Gavin Woods berufliche Laufbahn ist voller Legenden. Vom Doktor der Informatik an der University of York in Großbritannien über den Kernentwickler von Ethereum bis hin zur Gründung von Polkadot und der Förderung seiner Entwicklung zu einem multi-chain-Ökosystemführer hat jeder seiner Schritte die Entwicklung der Blockchain-Branche tiefgreifend beeinflusst. Gavin Wood ist jedoch nicht nur ein Technik-Freak, sondern auch ein leidenschaftlicher DJ, der Musik liebt. In einem Interview gestand er, dass obwohl er sich derzeit fast ausschließlich auf die Entwicklung von JAM konzentriert, er immer noch die Hoffnung hat, seine DJ-Tätigkeit wieder aufzunehmen und in der Musik Ausgleich und Inspiration zu finden. Diese doppelte Leidenschaft für Technologie und Kunst macht Gavin Wood auch in der Blockchain-Branche außergewöhnlich.
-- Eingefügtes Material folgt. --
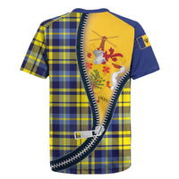 Barbados Celtic Festival Rugby Jersey Yellow Blue Tartan Zipper Stylized LT01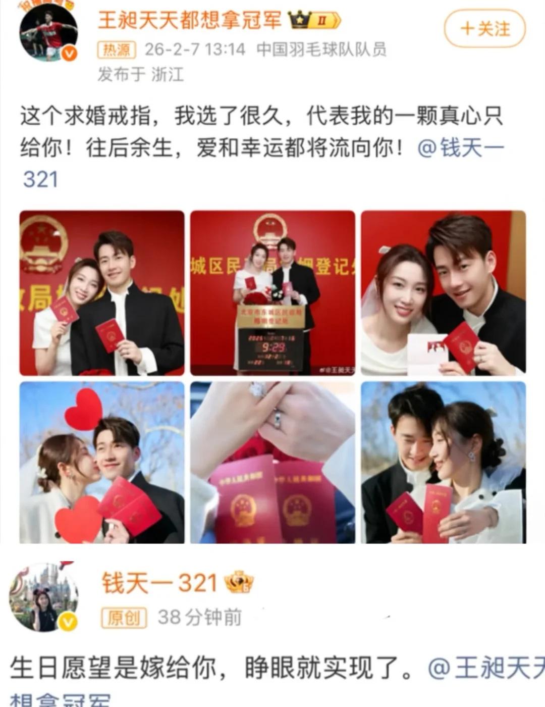 🏸帅哥王昶和🏓美女钱天一结婚啦❤️ 2月7日,羽毛球运动员王昶与乒乓球运动员钱天一官宣领证结婚🎀😍🎊 王昶发文:这个求婚戒指💍,我选了很久,代表我的一颗真心只给你!往后余生,爱💘和幸运🎉都将流向你! 真夫妻果然是最好磕的 领证 真夫妻就是好磕 领证仪式感 我们结婚了 王昶 钱天一 王昶钱天一结婚 王昶钱天一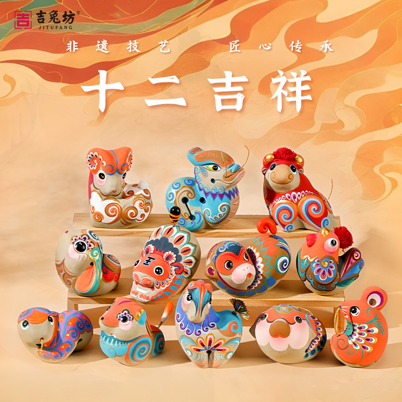 吉兔坊十二生肖守护祝福礼物非遗手工泥塑吉祥礼品家居摆件伴手礼

Gavin Wood hat in einem Interview ausführlich die technologischen Durchbrüche von Polkadot in diesem Jahr erklärt, darunter die Optimierung des asynchronen Backings, einen neuen SDK-Veröffentlichungszyklus und eine signifikante Verbesserung der Dezentralisierung von Validierungsknoten. Insbesondere erwähnte er, dass die Leistungsbewertung des “Spam Mining” im Polkadot-Ökosystem seine führende Position in Bezug auf Skalierbarkeit beweist. Darüber hinaus hat die Web3 Foundation 10 Millionen DOT für die Entwicklung des JAM-Ökosystems bereitgestellt, um weltweit JAM-Entwicklungsteams zu fördern und die Implementierung dieser revolutionären Rechenplattform voranzutreiben.
Die Einführung von JAM markiert den Übergang von Polkadot von einem Multi-Chain-Netzwerk zu einem „Weltcomputer“. Gavin Wood betont, dass JAM nicht nur ein intelligentes Vertragssystem ist, sondern eine hochgradig vielseitige Rechenplattform, die herkömmliche Software ausführen und eine extrem hohe Rechenleistung erzielen kann. Dieser technologische Durchbruch hebt die Blockchain von dem Konzept des „verteilten Hauptbuchs“ auf eine völlig neue Ebene und bietet unendliche Möglichkeiten für zukünftige dezentralisierte Anwendungen.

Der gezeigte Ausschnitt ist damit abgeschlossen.